La présente invention concerne un procédé de génération de modèle pour un modèle de sortie de données concernant un angle de reconnaissance d'une caractéristique anatomique d'un organe creux, un modèle d'apprentissage formé, un programme informatique utilisant le modèle d'apprentissage, un procédé de traitement d'informations et un dispositif de traitement d'informations. Ce procédé de génération de modèle implique : le fait d'amener un ordinateur à acquérir un signal de balayage par un dispositif d'imagerie disposé au niveau d'un cathéter qui est inséré au niveau d'un organe creux et qui se déplace dans le sens de la longueur de l'organe creux tout en tournant autour d'un axe délimitant le sens de la longueur, et pour générer un modèle d'apprentissage servant à émettre, lorsque une image de l'organe creux sur la base du signal de balayage a été entrée, une probabilité de présence d'une partie affectée par une lésion ou d'un instrument médical pour chaque angle de rotation du cathéter.

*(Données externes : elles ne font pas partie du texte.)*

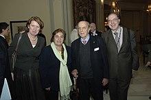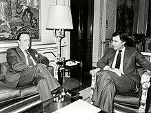 To his opponents he always was a dinosaur from the Franco regime.[19] He was a keen follower of Carl Schmitt's ideas,[20] and granted the German political theorist honorary membership to the Institute of Political Studies in 1962,[21] in a ceremony where he praised him as a "revered master".[22] Fraga identified himself with the figure of Antonio Cánovas del Castillo in 1976 for the first time; this idea of identification between Cánovas and Fraga was reinforced by historiographical trends close to Fraga in the 1980s in order to commend his figure.[23] Despite their political differences, he developed a close friendship with Fidel Castro,[24] himself of Galician descent, who met with Fraga in Galicia during a visit to Spain in 1992.[25]

Dans la présente invention, un modèle formé est utilisé conjointement à un modèle d'émission, au niveau de l'ordinateur, de données dans lesquelles l'image de l'organe creux basée sur le signal de balayage est identifiée comme régions différentes comprenant une cavité interne et une membrane de l'organe creux, et est utilisé pour effectuer un procédé de calcul d'une plage d'angles pour reconnaître une partie affectée par une lésion ou un instrument médical depuis le centre de l'organe creux.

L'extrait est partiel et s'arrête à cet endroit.